▶ _Given entries_
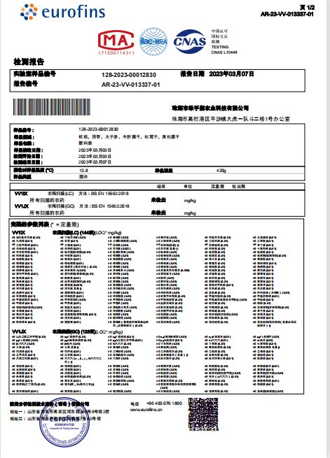 茯苓上架前和康丽家的其他食材一起做了个267项农残混检(未检出)。
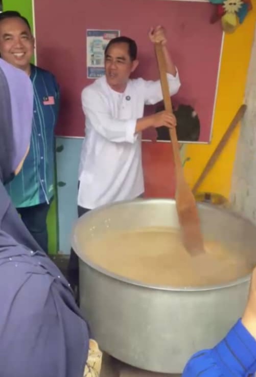 Roszaidi menyantuni Baharudin yang turut mengacau bubuk lambuk.
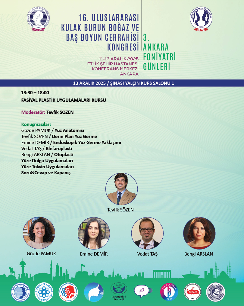 16. Uluslararası KBB ve Baş Boyun Cerrahisi Kongresi kapsamında düzenlenen Fasiyal Plastik Uygulamaları Kursu, 13 Aralık 2025 tarihinde Şinasi Yalçın Kurs Salonu 1’de gerçekleştirilecektir.
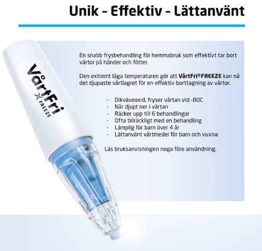 VårtFri Freeze är en vårtbehandling för hemmabruk som tar bort vårtor på händer, armar och fötter. Ej lämplig för barn under 4 år.
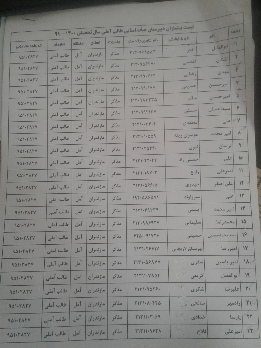 اسامی دانش آموزان عضو پیشتازان سال تحصیلی 1400-1399
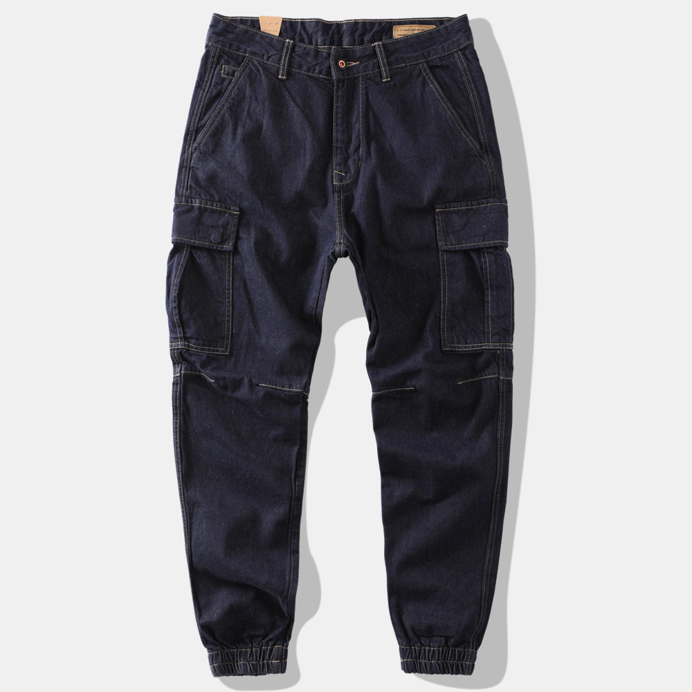 秋冬重磅美式复古束脚裤宽松直筒牛仔裤休闲男式工装裤洗水多口袋
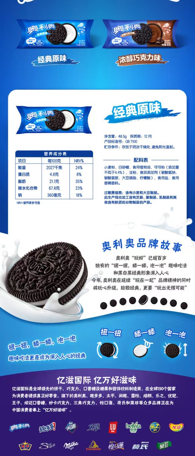 及时解决消费者售后问题.热心解答. 以服务为根本.以诚信求生存. 奥利奥袋装48.5g,箱规48袋。为了减少运输过程中的损耗,请按箱规倍数购买.

▶ _Task brief_
Your copy should repeat each entry above exactly but contain no pictures.

▶ _Exercise output_
 茯苓上架前和康丽家的其他食材一起做了个267项农残混检(未检出)。
 Roszaidi menyantuni Baharudin yang turut mengacau bubuk lambuk.
 16. Uluslararası KBB ve Baş Boyun Cerrahisi Kongresi kapsamında düzenlenen Fasiyal Plastik Uygulamaları Kursu, 13 Aralık 2025 tarihinde Şinasi Yalçın Kurs Salonu 1’de gerçekleştirilecektir.
 VårtFri Freeze är en vårtbehandling för hemmabruk som tar bort vårtor på händer, armar och fötter. Ej lämplig för barn under 4 år.
 اسامی دانش آموزان عضو پیشتازان سال تحصیلی 1400-1399
 秋冬重磅美式复古束脚裤宽松直筒牛仔裤休闲男式工装裤洗水多口袋
 及时解决消费者售后问题.热心解答. 以服务为根本.以诚信求生存. 奥利奥袋装48.5g,箱规48袋。为了减少运输过程中的损耗,请按箱规倍数购买.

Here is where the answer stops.